We use cookies. Read the Privacy and Cookie Policy

«Антисоветские элементы» и «группы риска»

Убежденность Сталина и его соратников в существовании потенциальной «пятой колонны» опиралась на некоторые вполне реальные данные. Утверждение большевистского государства было результатом жестокой и длительной гражданской войны, которая в разные периоды приобретала разные формы, но фактически велась на протяжении нескольких десятилетий. По приблизительным подсчетам, только в 1930–1936 гг. разного рода репрессиям и преследованиям (арестам, осуждению, исключениям из партии, отправке в ссылку, раскулачиванию и т. д.) подверглись от 15 до 20 млн человек, примерно шестая часть взрослого населения страны[763]. С учетом тех, кто боролся против власти большевиков в предшествующий период, с учетом того, что члены семей всех этих категорий населения также нередко подвергались преследованиям, в число пострадавших от режима попадала огромная часть населения СССР. Не будет большим преувеличением утверждать, что общество было разделено на две примерно равновеликие части — социально и политически близких и чуждых большевикам. Причем в условиях постоянного наращивания репрессий грань между этими частями оставалась достаточно размытой.

Осознавая, что подобное положение и постоянное воспроизводство «чуждых» слоев населения несло угрозу социальной и политической стабильности, власти, как уже говорилось, предпринимали некоторые попытки для «примирения» с частью изгоев, особенно из числа молодежи. Вместе с тем наиболее действенным способом нейтрализации опасности, исходившей от «подозрительных» оставались полицейский контроль и репрессии. С этой целью в органах ОГПУ-НКВД велся учет таких слоев населения. Из статей историков, имеющих доступ к архивам ФСБ, можно узнать, что в 1939 г. (после завершения «большого террора») существовало 18 учетных категорий: бывшие дворяне; царские чиновники; купцы; полицейские; офицеры царской и белой армий; бывшие члены различных партий, враждебных большевикам (эсеры, меньшевики и т. д.); лица, исключенные из ВКП(б) за «антисоветскую деятельность»; «кулаки»; лица, ранее осужденные за контрреволюционные преступления, и члены их семей; ряд категорий, которые рассматривались как потенциальная база для сотрудничества с иностранными разведками: немцы, поляки, японцы, корейцы и представители других национальностей; репатрианты; лица, имевшие иностранное гражданство или контактировавшие с иностранцами; церковнослужители и члены религиозных организаций и т. д. Видимо, примерно такие же категории учитывались и в предыдущие годы. Кроме того, на учете милиции состояли уголовные преступники. Всего к марту 1941 г. на списочном учете «антисоветских элементов» состояли около 1 млн 263 тыс. человек[764]. Можно предположить, что в 1937 г., перед началом массовых операций эта цифра была больше. Картотеки ОГПУ-НКВД были важным инструментом политики террора. Периодически на их основании проводились репрессии против отдельных групп населения в отдельных регионах. В 1937–1938 гг. такие операции приобрели не только особую интенсивность, но обрушились одновременно на все категории «подозрительных». Целью чисток стала полное уничтожение или изоляция слоев населения, попадавших под учет органов НКВД.

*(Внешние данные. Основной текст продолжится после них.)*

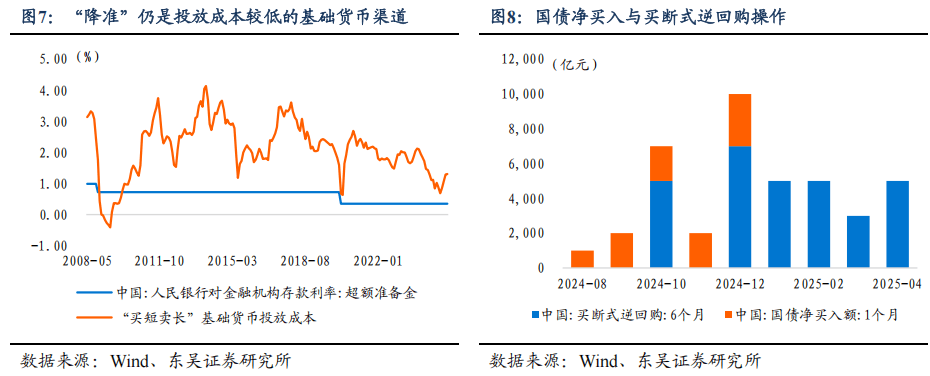 经济增长需要货币周转、货币周转需要流动性投放,因此“降准”在2010年-2013年外汇占款渐渐趋于稳定之后,承担起投放基础货币、满足经济增长需要的职责。2024年央行开始通过国债买卖投放基础货币,在2025年1月份国债买卖暂停之前,累计净买入1万亿元,但是从“基础货币投放成本”角度来看,我们以超额存款准备金利率作为“降准”的机会成本,截至2025年4月末“降准”的成本为35bps;分别以2年期国债收益率和7年期国债收益率的差值作为“买短期限、卖长期限”且保持净买入规模的基础货币投放成本,截至2025年4月末,“2倍买入2年期、1倍卖出7年期”所投放的基础货币成本则为130bps,从静态成本来看,“降准”依旧是投放成本较低的基础货币供给渠道。
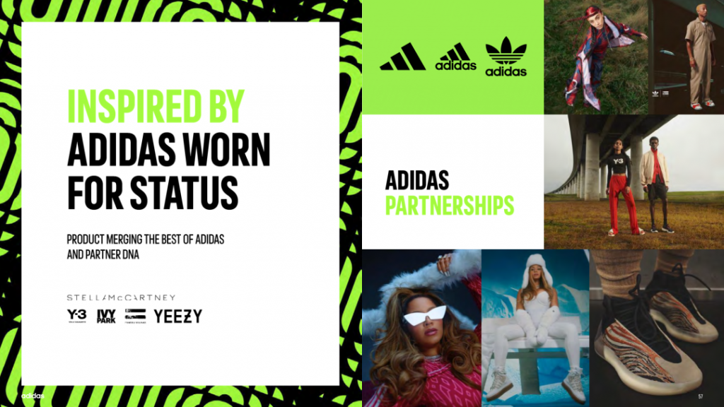 这三条线未来都会有合作(Partnership),比如 YEEZY、Y3 的合作,则是:受 adidas 灵感启发,为引领而穿。

Первым шагом на этом пути, как уже говорилось, была сплошная чистка бывших оппозиционеров. Аресты оппозиционеров нарастали стремительно: 631 человек в 1934 г., 3447 — в 1935 г., 23 279 — в 1936 г.[765] Начавшись с бывших оппозиционеров, многие из которых, покаявшись, работали в партийно-государственном аппарате, чистка вполне логично перешла на этот аппарат в целом. Причем эти кадровые перетряски сопровождались шумной пропагандистской кампанией антибюрократического характера, первые итоги которой подвел февральско-мартовский пленум 1937 г. В докладе на пленуме Сталин поставил задачу влить в ряды руководящих кадров «свежие силы, ждущие своего выдвижения»[766].

Старая кадровая гвардия не устраивала вождя по нескольким причинам. С особым подозрением Сталин относился к бывшим участникам разного рода оппозиций, которых оставалась немало на партийно-государственных постах среднего и низшего уровня. Накануне февральско-мартовского пленума 1937 г. в отделе руководящих партийных органов ЦК ВКП(б), которым руководил Г. М. Маленков, были составлены специальные справки о номенклатурных работниках различных ведомств, состоявших ранее в оппозициях и в других партиях или имевших различные политические «колебания». Справки состояли из двух списков. В первый были занесены руководители, уже снятые с работы, исключенные из партии и арестованные. Во втором фиксировались политические грехи работников, которые пока оставались на своих должностях[767]. Большинство из тех, кто был перечислен во втором списке, вскоре были арестованы и расстреляны.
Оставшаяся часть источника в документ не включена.